TOP Go to the main content section

Taipei Travel

Belated Bosal : Park Chan-kyong Solo Exhibition

Anchor point

Post date:2024-10-17

Updates:2024-10-17

133

Belated Bosal : Park Chan-kyong Solo Exhibition
Event Time
TUE. - SUN. 10:00 - 17:00
Event Location
Kuandu Museum of Fine Arts, Beitou Dist., Taipei City Taiwan, R.O.C
BELATED BOSAL
HD film, four-channel sound, 55min.
2019
* Film screenings occur every hour.


This film is mainly composed of black and white negatives and close to a feature film. Belated Bosal, paired with Fukushima, Autoradiography, stimulates the audiences’ conventional conceptions and images about light, air, radioactivity and nature to the extent that they re-think all of these ideas and representations of them inversely.

A mixture of the images of mountains, Buddhist myths, a nuclear power plant and art seems to forsake the coherence of the storyline. However, this film is close to a depiction of a society that has lost its coherency.
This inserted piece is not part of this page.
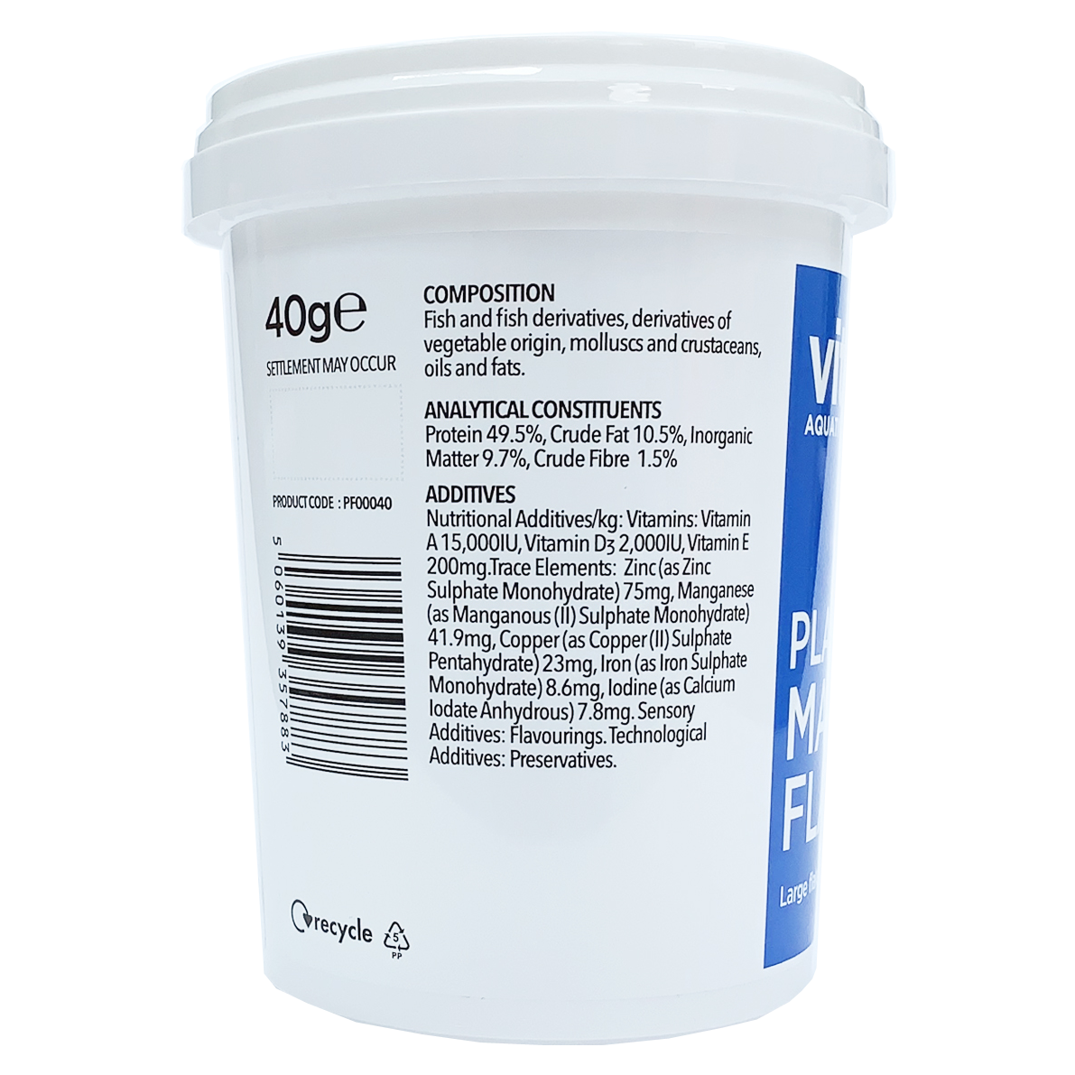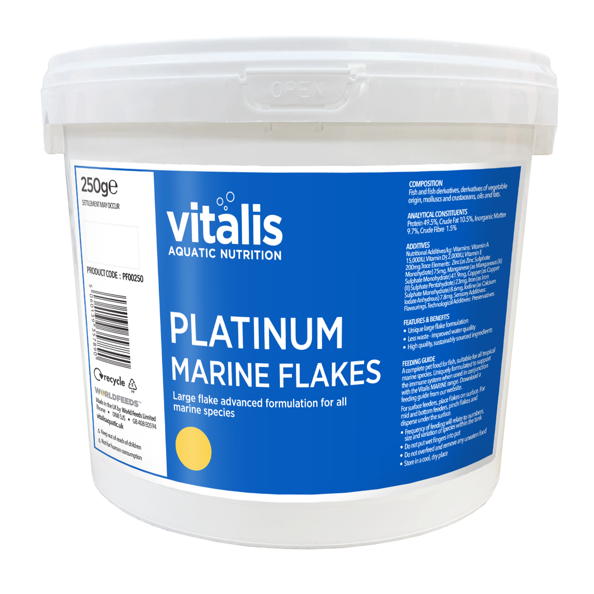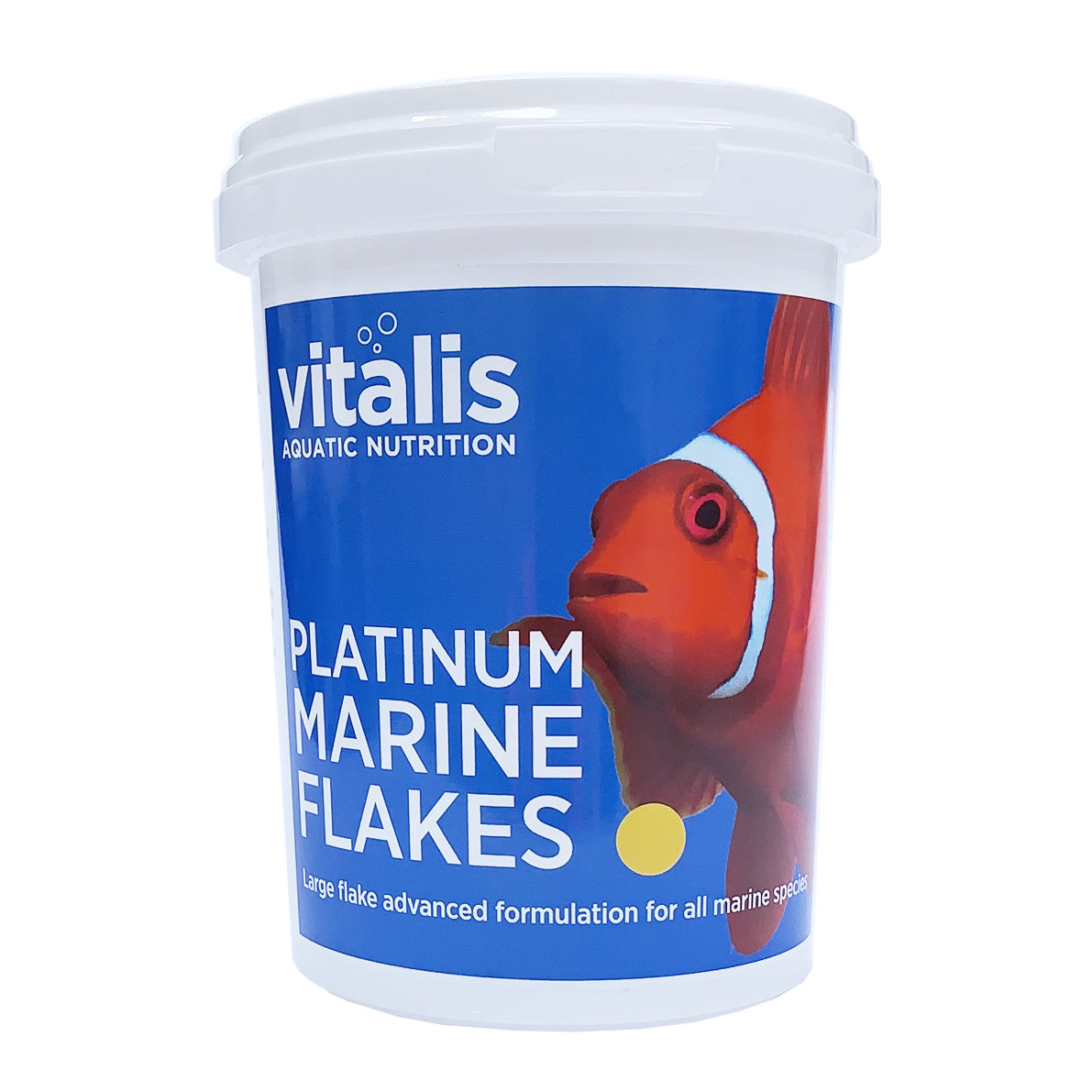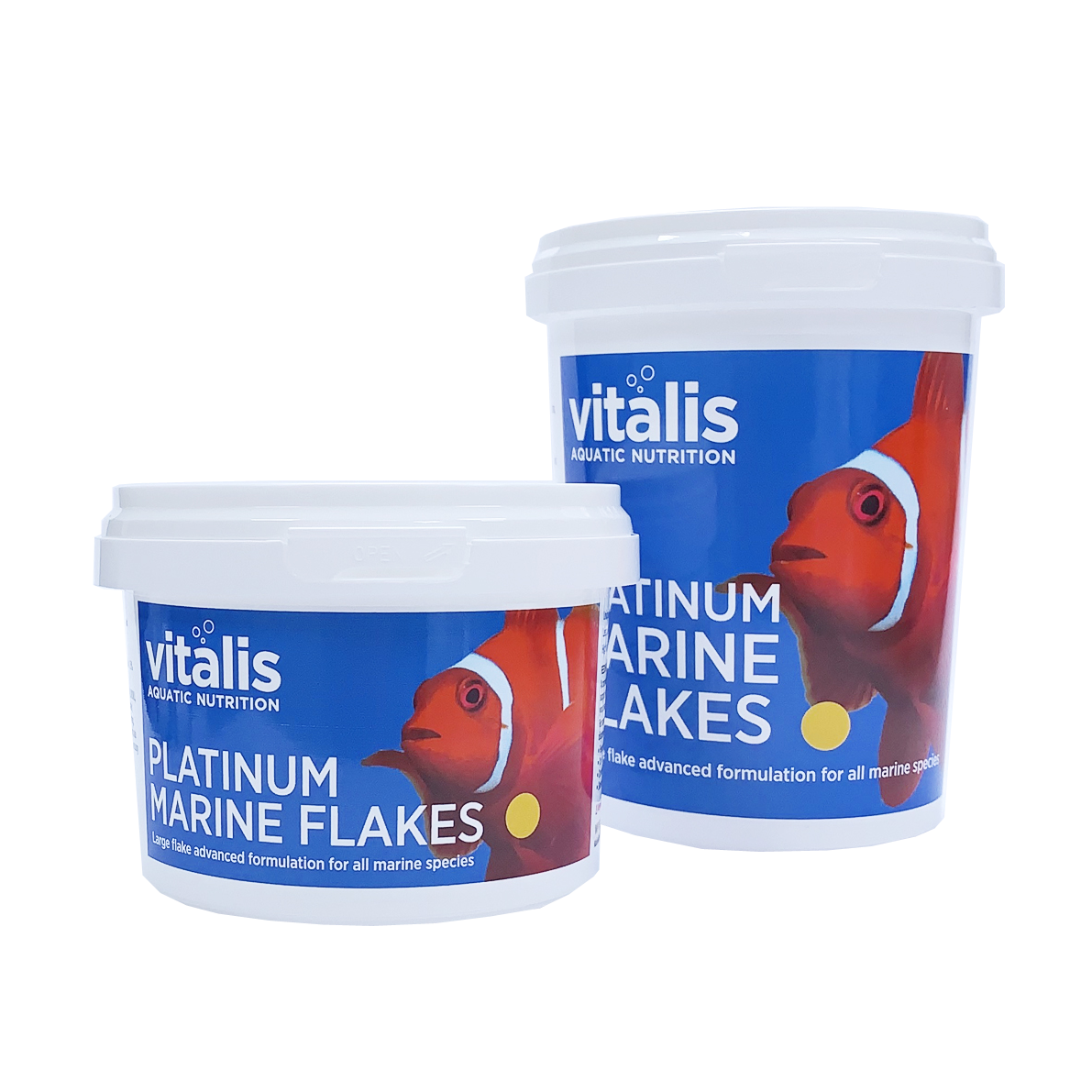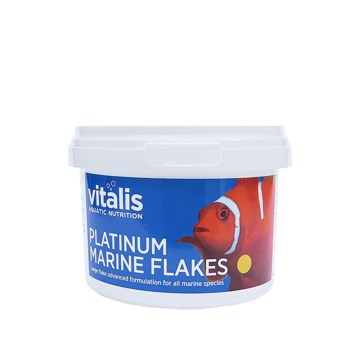Vitalis Platinum Marine Flakes offer a complete and highly digestible diet, specially formulated to promote peak health, vitality, and condition in tropical marine fish. Building on the trusted foundation of our core Marine Flake formula, this enhanced diet includes key functional ingredients—1-3 beta glucans and bioflavonoids—known to help strengthen the immune system and support resilience against stress and disease.

As a result, the film leads the audiences to consider the nirvana of the great saint, the road to our individual deaths and, above all, the “gatherings” that take place at the time of someone’s death.
FUKUSHIMA, AUTORADIOGRAPHY

Film photo converted to digital image,
autoradiography, text, slide show, 24min 40sec.
2019
Collaboration with Masamichi Kagaya and Satoshi Mo.


This is a juxtaposition of images of the works of Japanese photographer Kagaya Masamichi and the botanist Mori Satoshi’s photographic images of the autoradiographs of diverse organisms and products, combined with Park Chan-kyong’s photo works taken in Fukushima in 2019.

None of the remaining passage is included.